**What to work on**
Your task is to copy the data exactly while leaving out every picture.

*** Dataset section ***

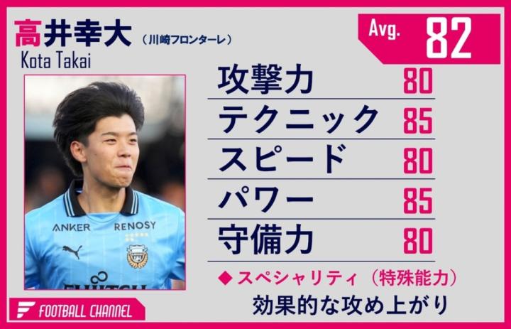 高井幸大最大的强项在于后场组织,无论是一脚出球,还是带球压上甚至送出直塞,都已跻身J联赛顶级水准。随着国家队历练的积累,他的领袖气质正悄然成型。
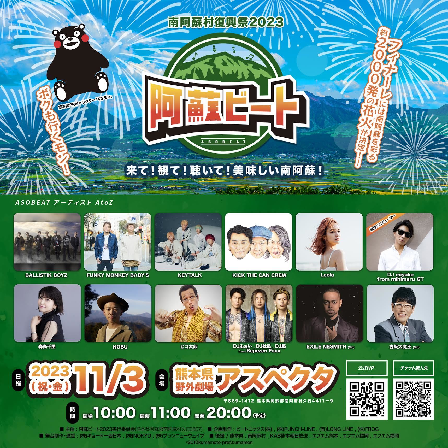 『阿蘇ビート2023』は、miyake(mihimaru GT)による総合プロデュースにて2023年11月3日(金・祝)に初開催される野外フェスイベント。本イベントにて音楽と食を通じてエシカルビレッジ”南阿蘇”を多くの人に体感してもらい、2016年熊本地震にて甚大な被害を受けた南阿蘇村の復興を新たなフェーズへと進めていくという。
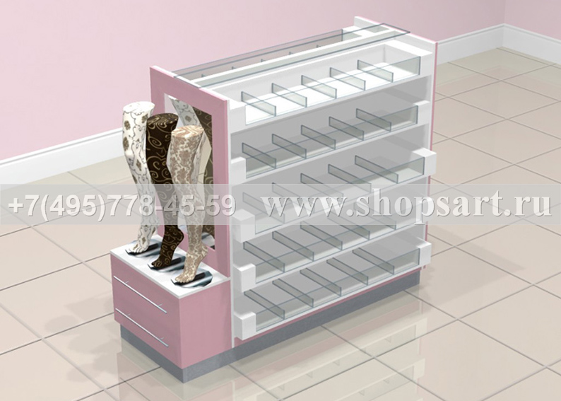 Стойка торговая, островная используется для выкладки и продажи колготок. Одна из основных стоек в магазинах самообслуживания. Устанавливается в центре зала. Стойка островная производится из ЛДСП. Ячейки для колготок изготовлены из прозрачного стекла. Ячейки в стойке — выдвижные. На боковых частях стойки располагаются экономпанель и зеркало, обрамленные рамкой из розового ЛДСП. В нижней части находится накопитель размером 400(h)х600х300мм. изготовленный из ЛДСП, с выдвижными ящиками на направляющих полного выдвижения. Цоколь островной стойки можно изготовить из металлизированного пластика. В верхней части стойки находится полка из стекла 8мм. Стойка очень вместительна, идеально подходит для продажи колготок. Вместо зеркала, на боковой части торговой стойки, можно установить манекен ноги женской для демонстрации колготок и чулок.
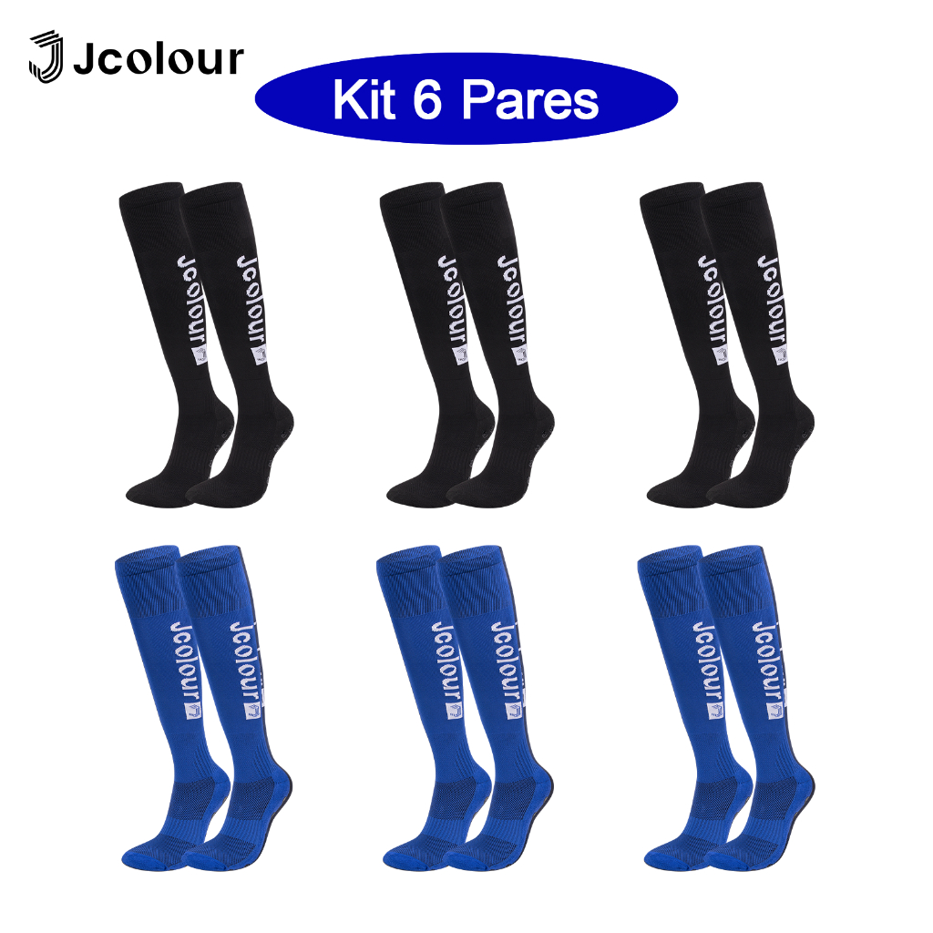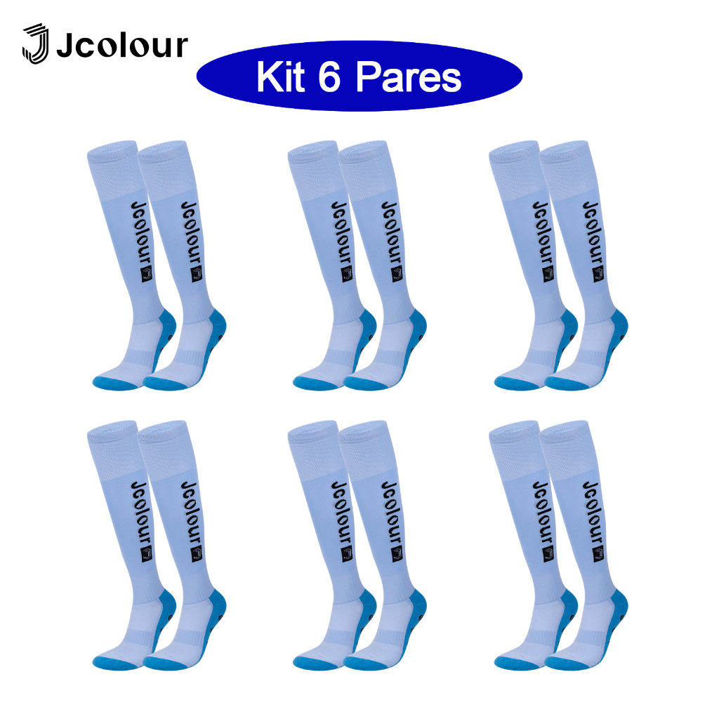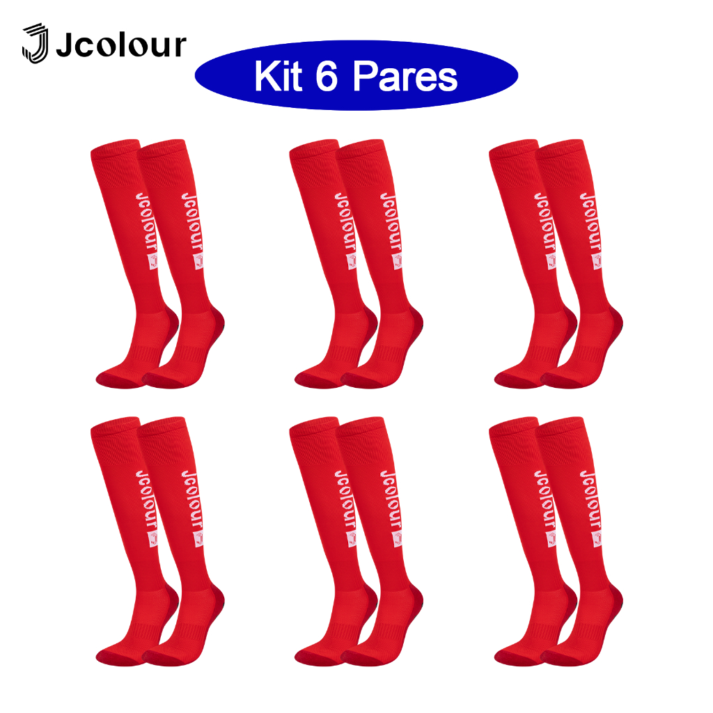 Jcolour Novo Kit 6 Meião de Futebol Antiderrapante Esportiva Respirável Longas Alta Qualidade

*** End of Dataset section ***

**Answer below**
 高井幸大最大的强项在于后场组织,无论是一脚出球,还是带球压上甚至送出直塞,都已跻身J联赛顶级水准。随着国家队历练的积累,他的领袖气质正悄然成型。
 『阿蘇ビート2023』は、miyake(mihimaru GT)による総合プロデュースにて2023年11月3日(金・祝)に初開催される野外フェスイベント。本イベントにて音楽と食を通じてエシカルビレッジ”南阿蘇”を多くの人に体感してもらい、2016年熊本地震にて甚大な被害を受けた南阿蘇村の復興を新たなフェーズへと進めていくという。
 Стойка торговая, островная используется для выкладки и продажи колготок. Одна из основных стоек в магазинах самообслуживания. Устанавливается в центре зала. Стойка островная производится из ЛДСП. Ячейки для колготок изготовлены из прозрачного стекла. Ячейки в стойке — выдвижные. На боковых частях стойки располагаются экономпанель и зеркало, обрамленные рамкой из розового ЛДСП. В нижней части находится накопитель размером 400(h)х600х300мм. изготовленный из ЛДСП, с выдвижными ящиками на направляющих полного выдвижения. Цоколь островной стойки можно изготовить из металлизированного пластика. В верхней части стойки находится полка из стекла 8мм. Стойка очень вместительна, идеально подходит для продажи колготок. Вместо зеркала, на боковой части торговой стойки, можно установить манекен ноги женской для демонстрации колготок и чулок.
 Jcolour Novo Kit 6 Meião de Futebol Antiderrapante Esportiva Respirável Longas Alta Qualidade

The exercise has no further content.